По набору протеолитически активных субъединиц пул протеасом можно разделить на конститутивные протеасомы или протеасомы “домашнего хозяйства”, содержащие субъединицы β1, β2 и β5, и несколько субтипов иммунных протеасом, встраивающих иммунные субъединицы LMP2 (β1i), LMP10 (MECL1, β2i) и LMP7 (β5i) вместо конститутивных субъединиц либо полностью, либо в различных сочетаниях с ними (Groettrup et al., 1997; Griffin et al., 1998; Guillaume et al., 2010; Dahlmann, 2016). Конститутивные субъединицы β1, β2 и β5 проявляют соответственно каспазаподобную (КП), трипсинподобную и химотрипсинподобную (ХТП) активность, при замене конститутивных субъединиц на иммунные увеличивается ХТП и трипсинподобная активность и уменьшается КП активность. Если основная функция конститутивных протеасом заключается в выполнении рутинного белкового обмена и устранении поврежденных белков, то иммунные протеасомы, образуя специфические пептиды, регулируют развитие и подавление иммунных реакций, клеточную пролиферацию, адаптивные процессы (Caudill et al., 2006; Sharova, 2006; Tanaka, 2009; Lyupina et al., 2013; Erokhov et al., 2017; Astakhova et al., 2019).

Иммунные протеасомы настолько важны для развития организма, что образование их начинается уже в эмбриональный период в тимусе, селезенке, печени (Melnikova et al., 2008; Sharova et al., 2009; Melnikova et al., 2010; Karpova et al., 2013). Динамика экспрессии иммунных протеасом в развитии этих органов различна, что обусловлено разницей в их клеточном составе и функциях. В тимусе крысы экспрессия иммунных протеасом выходит на максимальный уровень уже на 21-й эмбриональный день в связи с обеспечением ими начинающегося в этот период процесса отрицательной селекции тимоцитов (Melnikova et al., 2008, 2010). В развивающихся селезенке и печени крысы уровень иммунных протеасом увеличивается в течение трех постнатальных недель. В селезенке этот процесс осуществляется последовательно в тесной связи с постепенным формированием белой пульпы. В печени нарастание экспрессии иммунных протеасом носит волнообразный характер: первая волна совпадает с функционированием печени как первичного лимфоидного органа, а вторая – с экспрессией иммунных протеасом в гепатоцитах (Sharova et al., 2009; Karpova et al., 2013). Очевидно, что низкое количество иммунных протеасом в гепатоцитах в первые две постнатальные недели неспособно обеспечить эффективное образование антигенных эпитопов для молекул главного комплекса гистосовместимости класса I в случае инфицирования и инициировать полноценный иммунный ответ. Согласно полученным данным, такой ответ возможен на третьей постнатальной неделе, когда, во-первых, гепатоциты уже обладают базовым уровнем иммунных протеасом и, во-вторых, сформирована белая пульпа селезенки клетками иммунной системы, обогащенными иммунными протеасомами. Начиная с этого периода клетки печени способны сигнализировать иммунной системе о синтезе ими чужеродных белков, а клетки белой пульпы селезенки способны реагировать на эти сигналы.

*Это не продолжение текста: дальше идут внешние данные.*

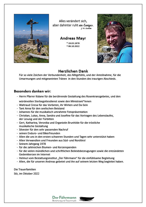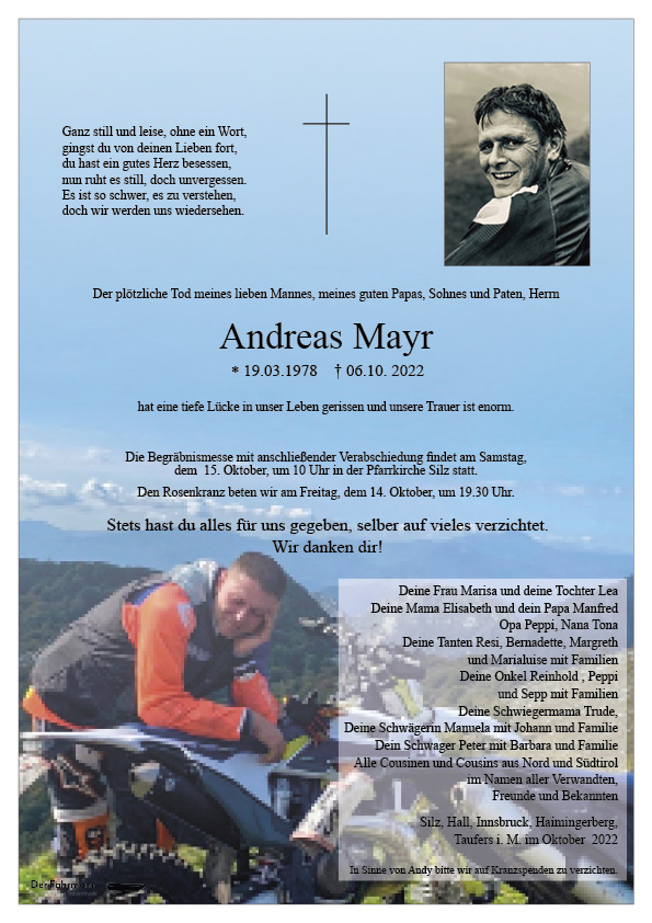 Der plötzliche und unvorhersehbare Tod vom Andi hat uns alle geschockt und bis ins Mark erschüttert. Seine Freundschaft hat uns alle gefreut und besonders mein Leben sehr bereichert mit vielen schönen Erlebnissen , die für schöne Erinnerungen sorgen werden. Wir bedanken uns für seine und eure Freundschaft und werden den Andi immer in unserem Herzen tragen und niemals vergessen .

Несмотря на достигнутые успехи в выявлении протеасомных механизмов развития ряда органов, не изучен пул протеасом, включающий различные структурные формы, в эмбриональном и раннем постнатальном онтогенезе кишечника, выполняющего важнейшие функции не только в пищеварении, но и в иммунных процессах. Цель настоящей работы – исследовать, каким образом различные периоды раннего развития тонкого кишечника крысы связаны с изменениями в пуле протеасом.

МАТЕРИАЛЫ И МЕТОДЫ

Животные. Работу выполняли на крысах породы Вистар в соответствии с положениями Комиссии по биоэтике ФГБУН Института биологии развития им. Н.К. Кольцова РАН. Для исследования использовали целый кишечник плодов на 18-й день эмбрионального развития (Э18), тонкий кишечник самок на Э21 и постнатальные дни П0 (день рождения), П1, П5, П8, П12, П15, П18, П22, П30, а также тонкий кишечник самцов на Э21, П0, П30.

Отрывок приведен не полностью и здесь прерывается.